Future Clinical Implications

This is a proof-of-concept study, and the group believes that the polygenic risk score can be improved further to make it more predictive, Paré said. With the current findings and other research, he said, the test could potentially become part of routine screening in clinical practice.

Most individuals with a high genetic score also had a high burden of classical risk factors for CAD, according to Paré. “To me that also shows that probably having a genetic predisposition by itself might not be quite sufficient in most individuals, and I think that also stresses the importance of not neglecting classic risk factors and healthy lifestyle, despite the genetic risk,” he added.

He called that “a hopeful message” because it means that if someone who has “bad luck in the genetic lottery” adopts healthy lifestyle habits, “there’s a lot that someone can do to minimize that risk.”

On the other hand, some patients with early-onset CAD without classic risk factors, apart from smoking, had a very high multigene risk score.

As a provider, if the risk score is known for such a patient, Musunuru said, “you could say, ‘Look, you have a very compelling reason not to smoke; you’re at high genetic risk. It doesn’t mean that you are necessarily going to get the disease, but if you want to avoid getting a heart attack, you’re going to have to pay very close attention to diet and lifestyle. Don’t go anywhere near tobacco; don’t even be exposed to second-hand smoke.'”

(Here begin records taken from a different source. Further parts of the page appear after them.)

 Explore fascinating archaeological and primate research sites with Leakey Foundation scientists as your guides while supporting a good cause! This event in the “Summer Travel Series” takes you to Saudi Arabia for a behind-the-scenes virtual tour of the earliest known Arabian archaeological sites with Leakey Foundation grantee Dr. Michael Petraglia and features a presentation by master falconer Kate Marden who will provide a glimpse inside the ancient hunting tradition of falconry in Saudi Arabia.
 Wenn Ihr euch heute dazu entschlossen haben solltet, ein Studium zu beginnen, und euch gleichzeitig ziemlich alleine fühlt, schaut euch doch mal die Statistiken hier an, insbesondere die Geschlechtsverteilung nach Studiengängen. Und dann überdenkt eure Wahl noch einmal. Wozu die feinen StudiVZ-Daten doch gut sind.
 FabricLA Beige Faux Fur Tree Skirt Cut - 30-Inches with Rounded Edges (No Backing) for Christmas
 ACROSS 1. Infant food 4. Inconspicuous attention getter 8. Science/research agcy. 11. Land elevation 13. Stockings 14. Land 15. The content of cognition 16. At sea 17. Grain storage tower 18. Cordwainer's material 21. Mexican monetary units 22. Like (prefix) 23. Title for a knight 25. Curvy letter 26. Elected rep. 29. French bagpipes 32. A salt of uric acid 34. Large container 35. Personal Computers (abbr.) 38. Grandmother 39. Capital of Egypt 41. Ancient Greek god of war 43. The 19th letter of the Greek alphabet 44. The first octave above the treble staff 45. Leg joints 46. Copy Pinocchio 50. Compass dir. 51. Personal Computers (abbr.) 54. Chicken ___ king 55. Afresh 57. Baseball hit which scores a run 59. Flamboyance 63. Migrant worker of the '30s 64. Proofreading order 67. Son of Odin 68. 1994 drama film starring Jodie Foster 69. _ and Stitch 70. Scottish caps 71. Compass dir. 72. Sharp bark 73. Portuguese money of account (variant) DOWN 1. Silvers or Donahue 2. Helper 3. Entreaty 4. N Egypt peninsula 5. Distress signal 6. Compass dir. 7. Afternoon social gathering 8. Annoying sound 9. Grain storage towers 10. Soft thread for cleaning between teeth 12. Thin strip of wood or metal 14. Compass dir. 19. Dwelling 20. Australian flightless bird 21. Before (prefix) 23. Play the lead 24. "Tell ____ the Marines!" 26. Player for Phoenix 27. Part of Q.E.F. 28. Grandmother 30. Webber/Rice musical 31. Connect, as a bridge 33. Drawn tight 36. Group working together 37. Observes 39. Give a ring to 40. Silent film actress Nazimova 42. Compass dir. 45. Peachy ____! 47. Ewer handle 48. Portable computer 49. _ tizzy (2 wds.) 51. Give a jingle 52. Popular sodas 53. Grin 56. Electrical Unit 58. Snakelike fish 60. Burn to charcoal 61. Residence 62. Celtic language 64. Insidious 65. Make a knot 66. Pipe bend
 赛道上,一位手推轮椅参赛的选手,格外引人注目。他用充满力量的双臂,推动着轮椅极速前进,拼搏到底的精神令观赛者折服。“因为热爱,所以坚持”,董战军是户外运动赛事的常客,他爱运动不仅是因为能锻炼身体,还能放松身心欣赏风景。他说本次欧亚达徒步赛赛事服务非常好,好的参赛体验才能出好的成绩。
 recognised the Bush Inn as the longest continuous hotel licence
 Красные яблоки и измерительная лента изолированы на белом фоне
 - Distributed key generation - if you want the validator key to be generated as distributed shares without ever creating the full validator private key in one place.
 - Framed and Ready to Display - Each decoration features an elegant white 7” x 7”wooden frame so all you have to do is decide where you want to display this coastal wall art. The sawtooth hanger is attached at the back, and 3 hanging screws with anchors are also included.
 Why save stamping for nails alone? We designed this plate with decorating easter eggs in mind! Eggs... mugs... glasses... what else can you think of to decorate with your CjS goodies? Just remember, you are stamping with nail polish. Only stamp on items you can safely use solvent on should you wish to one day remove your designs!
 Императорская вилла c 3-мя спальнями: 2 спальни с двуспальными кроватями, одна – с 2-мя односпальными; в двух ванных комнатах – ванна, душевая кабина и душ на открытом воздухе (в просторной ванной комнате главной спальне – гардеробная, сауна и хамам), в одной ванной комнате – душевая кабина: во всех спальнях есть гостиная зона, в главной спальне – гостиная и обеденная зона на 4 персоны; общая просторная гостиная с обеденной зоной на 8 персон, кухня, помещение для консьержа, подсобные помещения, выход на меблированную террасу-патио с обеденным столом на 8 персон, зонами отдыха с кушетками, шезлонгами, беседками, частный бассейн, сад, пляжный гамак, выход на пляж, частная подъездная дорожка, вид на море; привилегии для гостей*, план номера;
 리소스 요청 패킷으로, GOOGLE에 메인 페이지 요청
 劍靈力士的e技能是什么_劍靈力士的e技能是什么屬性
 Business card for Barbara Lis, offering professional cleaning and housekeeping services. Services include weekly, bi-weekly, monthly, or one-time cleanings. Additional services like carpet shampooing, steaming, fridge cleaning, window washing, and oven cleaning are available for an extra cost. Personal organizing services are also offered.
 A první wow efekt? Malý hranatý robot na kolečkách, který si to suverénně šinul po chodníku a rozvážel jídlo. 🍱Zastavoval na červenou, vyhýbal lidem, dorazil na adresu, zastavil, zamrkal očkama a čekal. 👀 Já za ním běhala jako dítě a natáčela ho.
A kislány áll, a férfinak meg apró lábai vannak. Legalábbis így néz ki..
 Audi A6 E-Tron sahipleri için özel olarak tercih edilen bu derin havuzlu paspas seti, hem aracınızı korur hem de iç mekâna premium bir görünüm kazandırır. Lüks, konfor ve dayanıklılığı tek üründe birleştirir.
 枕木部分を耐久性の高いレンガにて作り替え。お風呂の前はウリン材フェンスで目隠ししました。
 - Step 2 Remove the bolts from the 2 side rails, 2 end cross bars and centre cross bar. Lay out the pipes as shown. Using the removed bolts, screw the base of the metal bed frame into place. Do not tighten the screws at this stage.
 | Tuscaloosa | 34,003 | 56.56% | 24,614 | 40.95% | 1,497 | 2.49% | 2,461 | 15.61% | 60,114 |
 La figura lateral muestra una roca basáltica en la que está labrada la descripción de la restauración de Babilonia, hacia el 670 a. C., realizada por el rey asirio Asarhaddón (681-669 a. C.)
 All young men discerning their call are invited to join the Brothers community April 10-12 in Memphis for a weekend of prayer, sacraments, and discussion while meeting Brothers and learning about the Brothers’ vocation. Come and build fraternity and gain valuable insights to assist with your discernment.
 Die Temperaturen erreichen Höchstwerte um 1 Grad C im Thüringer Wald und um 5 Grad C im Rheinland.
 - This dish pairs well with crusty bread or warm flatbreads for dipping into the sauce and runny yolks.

As for future use of the genetic risk score, potentially “we could measure this in individuals as part of preventative screening,” Paré said. “If we do find that someone has this high polygenetic burden, we make sure we treat this person aggressively in terms of prevention of having a heart attack in their 30s, 40s, or 50s.”

The study was funded by the Canadian Institutes of Health Research, a Canada Research Chair in Genetic and Molecular Epidemiology, and a CISCO Professorship in Integrated Health Biosystems. The authors, editorialists, and Musunuru have no relevant financial disclosures.